Your job is to make the socket unreachable from places it shouldn’t exist.
Updates and maintenance: patch fast without gambling uptime
Patch discipline is a culture issue disguised as a technical issue. The technical part is easy: apt updates, reboot when needed,
migrate VMs, repeat. The cultural part is harder: getting leadership to accept that planned downtime is cheaper than surprise downtime.
Production patch strategy that scales
- Staggered updates: never update every node at once. One node first, then the rest.
- Maintenance window: even if it’s just one hour weekly. Predictable beats heroic.
- Reboot policy: kernel updates mean reboot. Yes, you can postpone; no, you shouldn’t indefinitely.
- Test after update: cluster quorum, storage mounts, VM start, backups, and firewall rules.
Joke 2: “We don’t reboot production” is a great policy—until your kernel reboots production for you at the worst possible time.
Security updates vs feature updates
Separate them mentally. Security updates get urgency. Feature updates get scrutiny. In practice on Proxmox, you’ll often do both through apt,
so your process must include a quick sanity check. If you’re allergic to change, you’re also allergic to security.
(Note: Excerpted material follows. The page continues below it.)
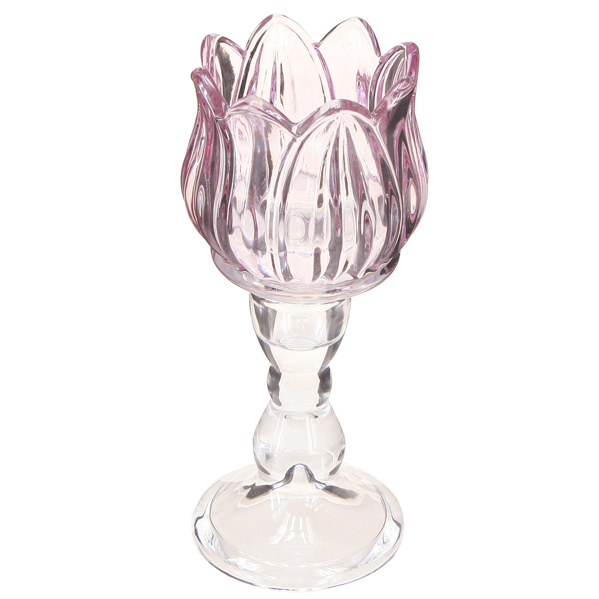 Portacandele in vetro a forma di tulipano in vetro viola Ø7cm H16cm 2pz
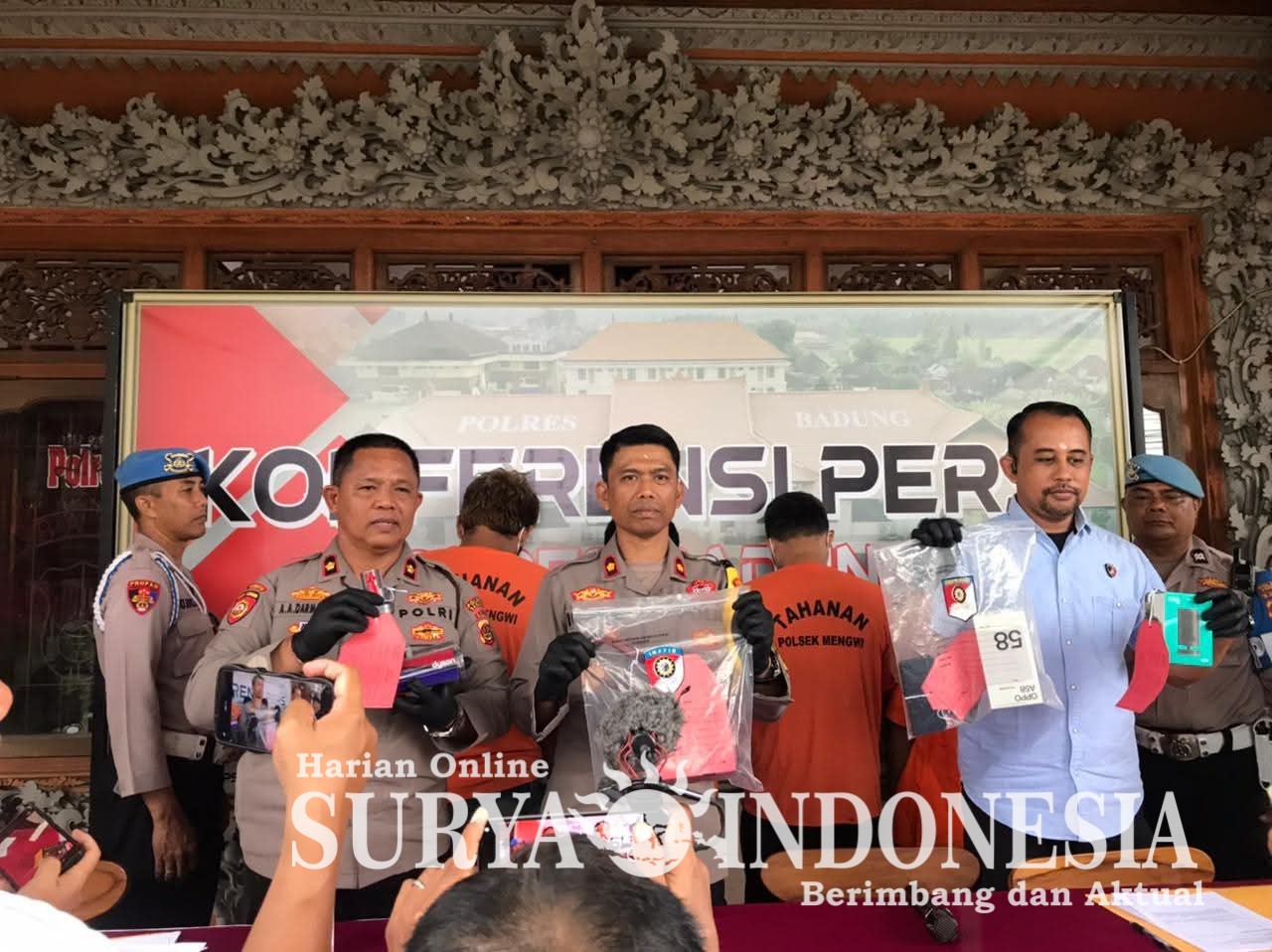 Dalam konferensi pers, Kompol I Gede Suarmawa menyampaikan bahwa terdapat lima laporan polisi dengan lima terduga pelaku yang berhasil diungkap jajaran Polsek Mengwi. “Empat orang terduga pelaku saat ini telah ditahan di Polsek Mengwi, sementara satu lainnya ditahan di Polres Klungkung terkait kasus berbeda. Pengungkapan ini merupakan hasil kerja cepat dan profesional anggota Reskrim Polsek Mengwi,” ujarnya.

Safe remote access: VPN, bastions, and SSH hygiene
The only safe way to manage Proxmox remotely is to reduce the number of places management is reachable from.
“Allowed from the Internet but protected by a password manager” is not a strategy. It’s a confession.
Preferred patterns (pick one, don’t improvise)
- VPN to an admin network: simplest operational model. Admins authenticate to VPN, then access Proxmox privately.
- Bastion / jump host: SSH to bastion with strong auth, then hop to Proxmox nodes. UI access via port-forwarding or internal proxy.
- Dedicated management network reachable only via on-prem or VPN: the “boring enterprise” model, for good reason.
SSH hardening rules that don’t ruin your life
- Keys only, no password authentication.
- No root login via SSH. Use sudo with audited users.
- Limit source IPs to admin subnets.
- Separate admin accounts per person; use groups and sudo rules.
Web UI access without opening the world
If you must access the UI remotely, do it through VPN. If you can’t, put a reverse proxy in front with strong auth and IP allowlisting
and accept you’ve added complexity. Complexity is not a control, but it can be a compensating control if you operate it well.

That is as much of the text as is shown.